J. Craig Venter Institute, Rockville, Maryland, United States of America.
PLoS Negl Trop Dis. 2010 Jun 15;4(6):e716. doi: 10.1371/journal.pntd.0000716.
In order to maintain genome information accurately and relevantly, original genome annotations need to be updated and evaluated regularly. Manual reannotation of genomes is important as it can significantly reduce the propagation of errors and consequently diminishes the time spent on mistaken research. For this reason, after five years from the initial submission of the Entamoeba histolytica draft genome publication, we have re-examined the original 23 Mb assembly and the annotation of the predicted genes.
The evaluation of the genomic sequence led to the identification of more than one hundred artifactual tandem duplications that were eliminated by re-assembling the genome. The reannotation was done using a combination of manual and automated genome analysis. The new 20 Mb assembly contains 1,496 scaffolds and 8,201 predicted genes, of which 60% are identical to the initial annotation and the remaining 40% underwent structural changes. Functional classification of 60% of the genes was modified based on recent sequence comparisons and new experimental data.

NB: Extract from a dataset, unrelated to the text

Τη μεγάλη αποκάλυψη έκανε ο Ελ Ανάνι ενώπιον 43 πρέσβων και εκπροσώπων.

We have assigned putative function to 3,788 proteins (46% of the predicted proteome) based on the annotation of predicted gene families, and have identified 58 protein families of five or more members that share no homology with known proteins and thus could be entamoeba specific. Genome analysis also revealed new features such as the presence of segmental duplications of up to 16 kb flanked by inverted repeats, and the tight association of some gene families with transposable elements.
This new genome annotation and analysis represents a more refined and accurate blueprint of the pathogen genome, and provides an upgraded tool as reference for the study of many important aspects of E. histolytica biology, such as genome evolution and pathogenesis.

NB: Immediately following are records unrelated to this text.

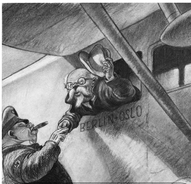
«Берлин-Осло». Серия карикатур «История одного предательства», 1937, посвященных делу Пятакова, художник М.Б. Храпковский

Во-вторых, утверждение, что все советские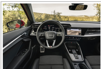
Audi A3 Sportback.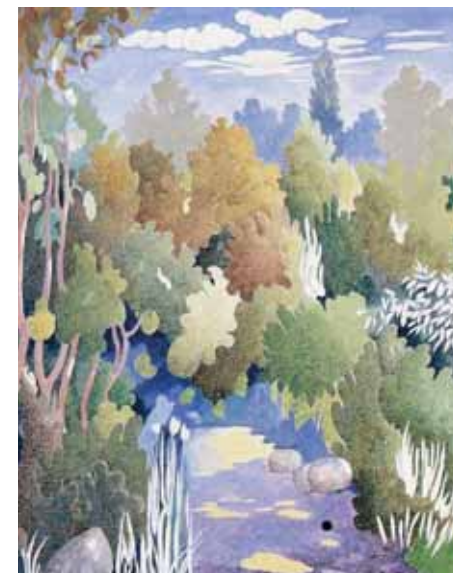
منظر ١٩٩١ - مؤسسة أتاسي

ذهب إلى الفن التجريدي مع الحفاظ على حساسيته الخاصة

为了准确和相关地维护基因组信息,需要定期更新和评估原始基因组注释。对基因组进行手动重新注释很重要,因为它可以显著减少错误的传播,从而减少在错误研究上花费的时间。出于这个原因,在初始提交溶组织内阿米巴虫草案基因组出版物五年后,我们重新检查了原始的 23Mb 组装和预测基因的注释。
对基因组序列的评估导致鉴定了一百多个人为的串联重复,这些重复通过重新组装基因组而被消除。重新注释是使用手动和自动化基因组分析相结合的方法完成的。新的 20Mb 组装包含 1496 个支架和 8201 个预测基因,其中 60%与初始注释相同,其余 40%发生了结构变化。根据最近的序列比较和新的实验数据,对 60%的基因进行了功能分类修改。我们根据预测基因家族的注释,为 3788 个蛋白质(预测蛋白质组的 46%)分配了可能的功能,并确定了 58 个具有五个或更多成员的蛋白质家族,这些家族与已知蛋白质没有同源性,因此可能是内阿米巴虫特有的。基因组分析还揭示了新的特征,例如长达 16kb 的片段重复,侧翼为反向重复,以及一些基因家族与转座元件的紧密关联。
这个新的基因组注释和分析代表了病原体基因组更精细和准确的蓝图,并提供了一个升级的工具作为参考,用于研究许多重要的溶组织内阿米巴虫生物学方面,如基因组进化和发病机制。